We have an outstanding inquiry with the college to learn if the archived papers mention or otherwise identify William or Collins Preston.
The 1829 deed ("One Good Deed") was originally read and transcribed to read, "I William Preston of Defiance in the State of Ohio ... for ... the sum of three hundred dollars ... paid by Collins Preston of Rumney ... miner ..."
In 2007, however, we discovered a series of 1812 Boston death notices for "Collins Preston, late of Rumney, NH, ae 31." One such obituary appears in the graphic below.
Alas, there was more than one Collins Preston of Rumney. Meet Collins Preston, the younger, who in 1829 was a "minor" (graphic below).
Odds 'n ends
(a) William P.'s pension file. William Preston (1754-1842) served in the Revolutionary War and was a pensioner at the time of his death. His pension file (S3222; W2667; Bounty Land Warrant 5079-160-55) does not mention sons William Preston or John Preston. The file mentions as family only his second wife, Mary (Herbert) Preston, and two of his children, neither of whom are directly named. The most direct reference therein about the two children mentioned is found in a document titled, "A list of my Famaly" [ca1819-1820] (graphic below). The document might be better described as a list of the campaigns in which William served. A research log/outline of William Preston's entire pension file can be read here.
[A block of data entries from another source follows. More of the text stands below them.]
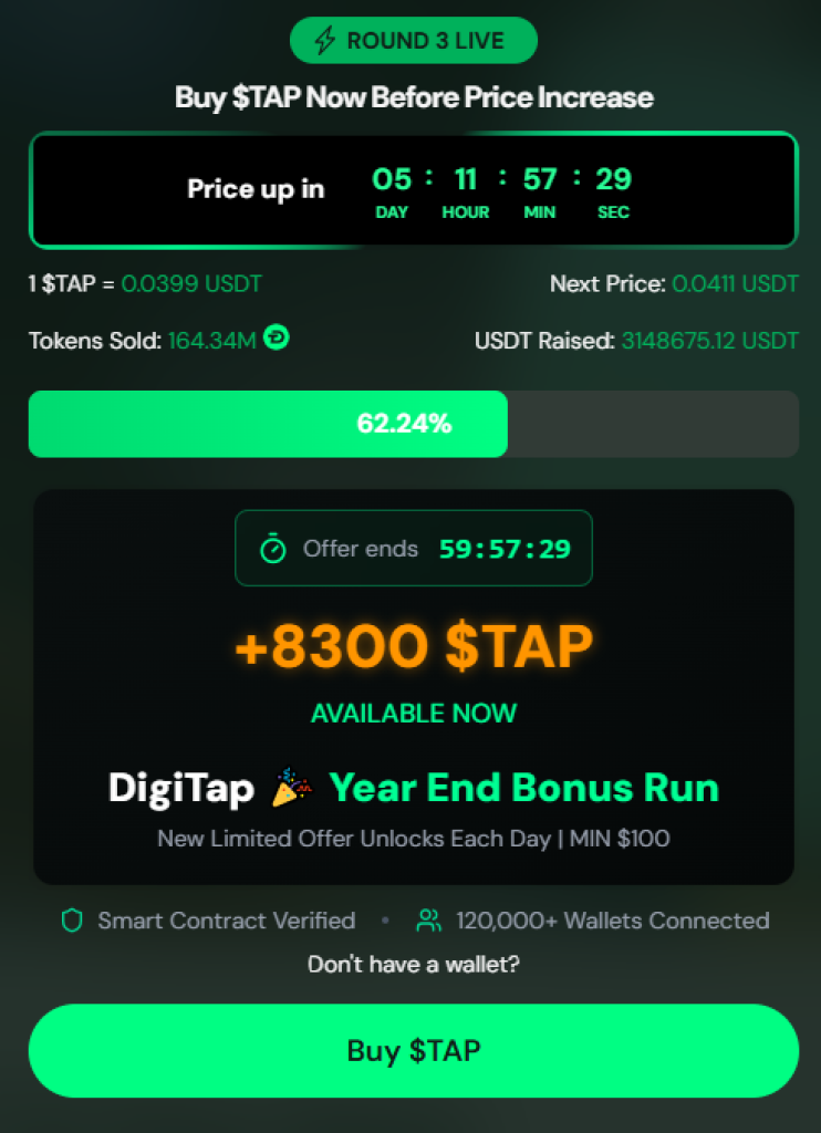Os Incentivos de Fim de Ano do Digitap Estão a Impulsionar o Momentum da Pré-venda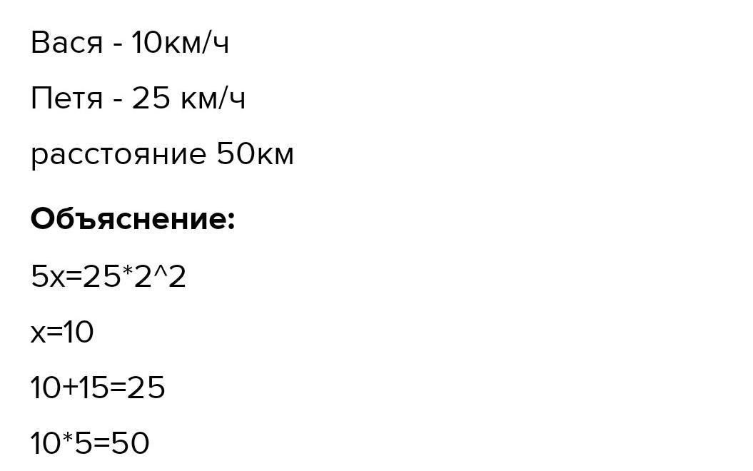 «Пётр и Василий любят ездить в выходной день на велосипедах из одного населённого пункта в другой. Расстояние между двумя городами Пётр проехал за 2 ч., а Василий — за 5 ч. Скорость Василия на 24 км/ч меньше скорости Петра. Найди скорости Василия и Петра и расстояние между городами».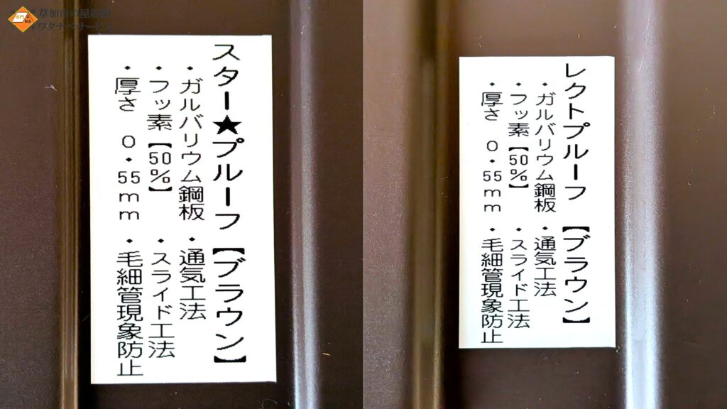 【レクトプルーフ・スタープルーフ】と【他メーカーフッ素屋根材】で比較するとレクトプルーフの方がフッ素含有率の高さや鋼板厚等のスペックからレクトプルーフの方が耐久性が高い事が確実です!

(b) Rumney Then and Now. The family of William Preston (1754-1842) was covered in J.A. Barney's 1967 work, Rumney, Then and Now. There is no mention of son William in Barney's overview.
(c) More family group tid bits. With the exception of sons William and John Preston, we have located proof of death about each of the other children born to William Preston (1754-1842). All of the records located report deaths at New England, or, in the case of his youngest daughter, at Illinois. I maintain a research log showing, for each family member, if we have located a vital record, gravestone reading and/or picture, obituary and/or other death related information. See the graphic below.
Various documents about early New Hampshire are recorded in the The State and Provincial Papers of New Hampshire (aka, New Hampshire State Papers, NHSP). We keep a research log/worksheet about our work with the NHSP. See the graphic below.
While it is not represented in the graphic that follow, we also maintain a clipping file of various newspaper items that have been located about family members.
(d) Probate. No probate file has been located for William Preston deceased 1842, nor for William or John Preston at Grafton County, New Hampshire. Probate files at New Hampshire exist for two of William and Elizabeth Preston's children--Washington Preston (dec'd 1825) and Michael Preston (dec'd 1849); worksheet follows.
This article (2.10) is the final installment to Part 2 (ala, our historical research) in the series, "Sheriff William Preston's identity crisis." We have presented information we learned about William and John Preston at Ohio, and select information about the family of William Preston (1754-1842) in the area of Rumney, New Hampshire, and other parts of New England.